#### Materials provided ####

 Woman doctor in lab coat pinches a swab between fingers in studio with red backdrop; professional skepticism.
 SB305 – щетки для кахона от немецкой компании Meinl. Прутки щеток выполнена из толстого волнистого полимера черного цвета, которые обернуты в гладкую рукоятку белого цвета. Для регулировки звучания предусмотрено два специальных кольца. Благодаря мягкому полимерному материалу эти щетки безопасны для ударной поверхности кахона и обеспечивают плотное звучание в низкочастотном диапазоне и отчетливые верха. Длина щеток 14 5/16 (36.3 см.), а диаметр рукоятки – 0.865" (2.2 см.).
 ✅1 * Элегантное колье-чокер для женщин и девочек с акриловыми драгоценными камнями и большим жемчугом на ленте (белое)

####
#### Materials provided ####

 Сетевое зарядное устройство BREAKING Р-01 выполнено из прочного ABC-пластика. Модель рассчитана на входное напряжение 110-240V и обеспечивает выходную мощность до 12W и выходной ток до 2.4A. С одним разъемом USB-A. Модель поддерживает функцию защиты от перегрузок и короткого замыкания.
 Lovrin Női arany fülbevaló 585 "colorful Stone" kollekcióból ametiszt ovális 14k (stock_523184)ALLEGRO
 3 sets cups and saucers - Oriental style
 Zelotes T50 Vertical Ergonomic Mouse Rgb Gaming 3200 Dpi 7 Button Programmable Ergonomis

####

**Action item**
Your answer should be the lines of the listing above between the line holding "Woman doctor in" and the line holding "на ленте (белое)", inclusive, restated word for word and alone.

**Task solution**
 Woman doctor in lab coat pinches a swab between fingers in studio with red backdrop; professional skepticism.
 SB305 – щетки для кахона от немецкой компании Meinl. Прутки щеток выполнена из толстого волнистого полимера черного цвета, которые обернуты в гладкую рукоятку белого цвета. Для регулировки звучания предусмотрено два специальных кольца. Благодаря мягкому полимерному материалу эти щетки безопасны для ударной поверхности кахона и обеспечивают плотное звучание в низкочастотном диапазоне и отчетливые верха. Длина щеток 14 5/16 (36.3 см.), а диаметр рукоятки – 0.865" (2.2 см.).
 ✅1 * Элегантное колье-чокер для женщин и девочек с акриловыми драгоценными камнями и большим жемчугом на ленте (белое)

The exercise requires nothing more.